### WORK TO COMPLETE
Copy every line below that has the word "mapas" in it.

### DATA PROVIDED
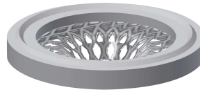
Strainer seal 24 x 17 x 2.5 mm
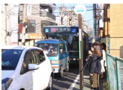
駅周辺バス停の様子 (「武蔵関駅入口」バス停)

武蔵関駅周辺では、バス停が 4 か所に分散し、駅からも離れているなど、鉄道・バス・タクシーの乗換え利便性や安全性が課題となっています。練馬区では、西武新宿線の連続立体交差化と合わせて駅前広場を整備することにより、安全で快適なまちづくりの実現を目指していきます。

--

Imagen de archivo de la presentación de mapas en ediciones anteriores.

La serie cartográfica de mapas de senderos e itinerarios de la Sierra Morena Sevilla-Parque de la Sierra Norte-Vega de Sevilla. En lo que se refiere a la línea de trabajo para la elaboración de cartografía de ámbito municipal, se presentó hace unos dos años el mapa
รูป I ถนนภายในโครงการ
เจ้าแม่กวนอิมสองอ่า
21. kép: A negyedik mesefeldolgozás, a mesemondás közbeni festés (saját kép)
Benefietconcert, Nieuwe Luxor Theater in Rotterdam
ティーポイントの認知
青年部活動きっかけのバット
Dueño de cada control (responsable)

### EXERCISE SOLUTION
Imagen de archivo de la presentación de mapas en ediciones anteriores.
La serie cartográfica de mapas de senderos e itinerarios de la Sierra Morena Sevilla-Parque de la Sierra Norte-Vega de Sevilla. En lo que se refiere a la línea de trabajo para la elaboración de cartografía de ámbito municipal, se presentó hace unos dos años el mapa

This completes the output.